The team suggests that within the context of real-world funds, a tiny weakness—even a 1% failure rate—could expose the system to systemic risks. They recommend that AI agents be “stress tested” before being put into practical use.
Hancheng Cao, an incoming assistant professor at Emory University, notes that the value negotiation study has limitations. “The experiments were conducted in simulated environments that won’t fully capture the complexity of real-world negotiations or user behavior,” says Cao.

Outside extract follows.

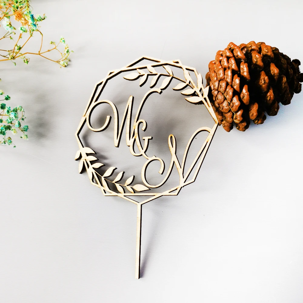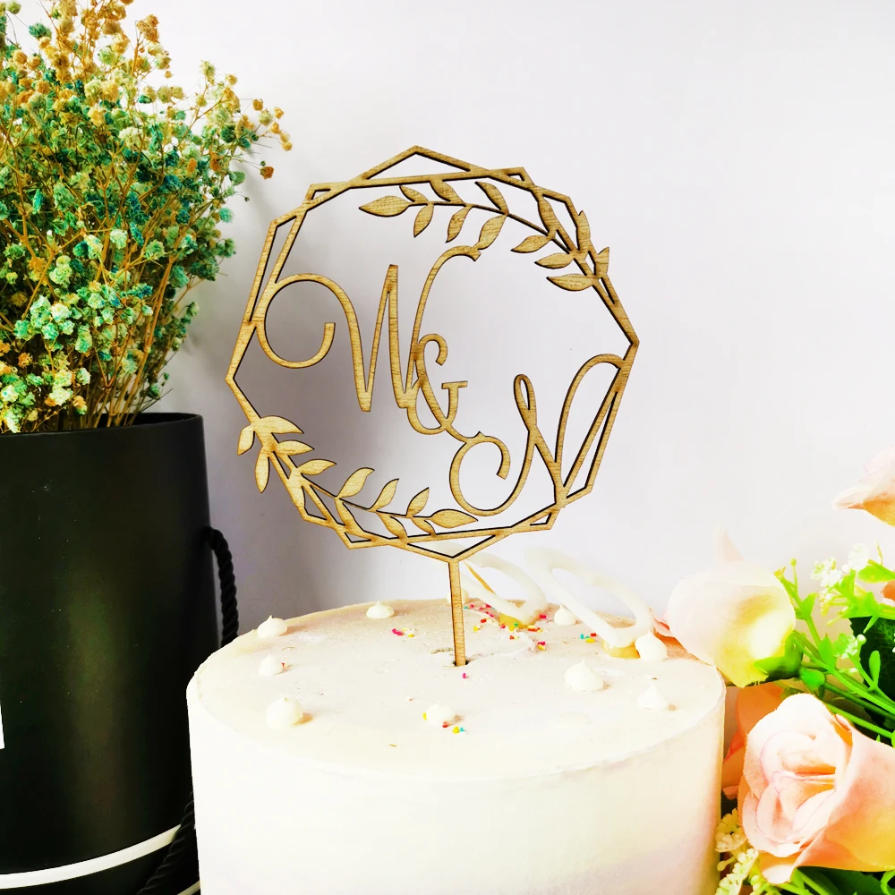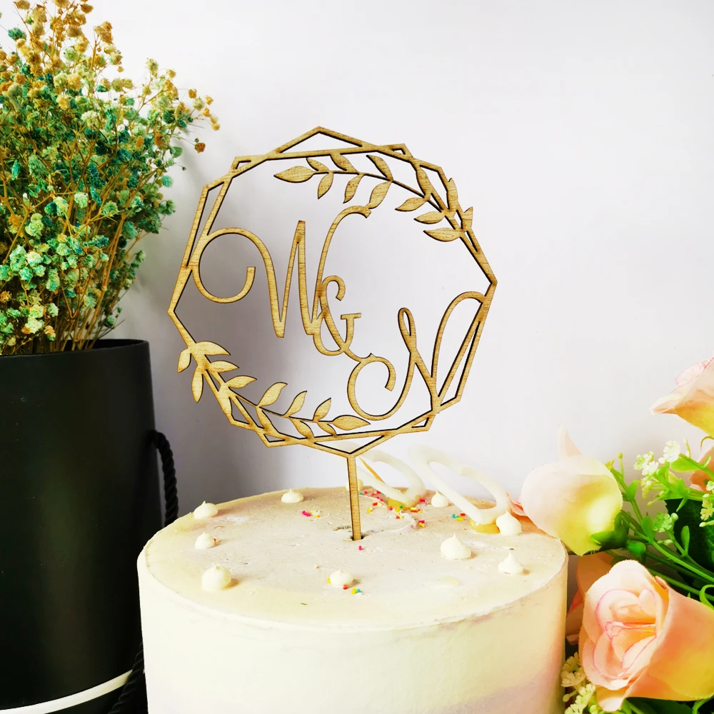 На заказ Mr And Mrs имя инициалы свадебный торт Топпер, персонализированные пары Свадебный декор, деревенский венок для вечеринок декор для юбилея

Pei, the researcher, says researchers and industry practitioners are experimenting with a wide range of strategies to scale back these risks. These include refining the prompts given to AI agents, enabling agents to make use of external tools or code to make higher decisions, coordinating multiple models to double-check one another’s work, and fine-tuning models on domain-specific financial data—all of which have shown promise in improving performance.
Many outstanding AI shopping tools are currently limited to product suggestion. In April, for instance, Amazon launched “Buy for Me,” an AI agent that helps customers find and buy products from other brands’ sites if Amazon doesn’t sell them directly.
While price negotiation is rare in consumer e-commerce, it’s more common in business-to-business transactions. Alibaba.com has rolled out a sourcing assistant called Accio, built on its open-source Qwen models, that helps businesses find suppliers and research products. The corporate told it has no plans to automate price bargaining thus far, citing high risk.
That could be a sensible move. For now, Pei advises consumers to treat AI shopping assistants as helpful tools—not stand-ins for humans in decision-making.
“I don’t think we’re fully able to delegate our decisions to AI shopping agents,” he says. “So possibly just use it as an information tool, not a negotiator.”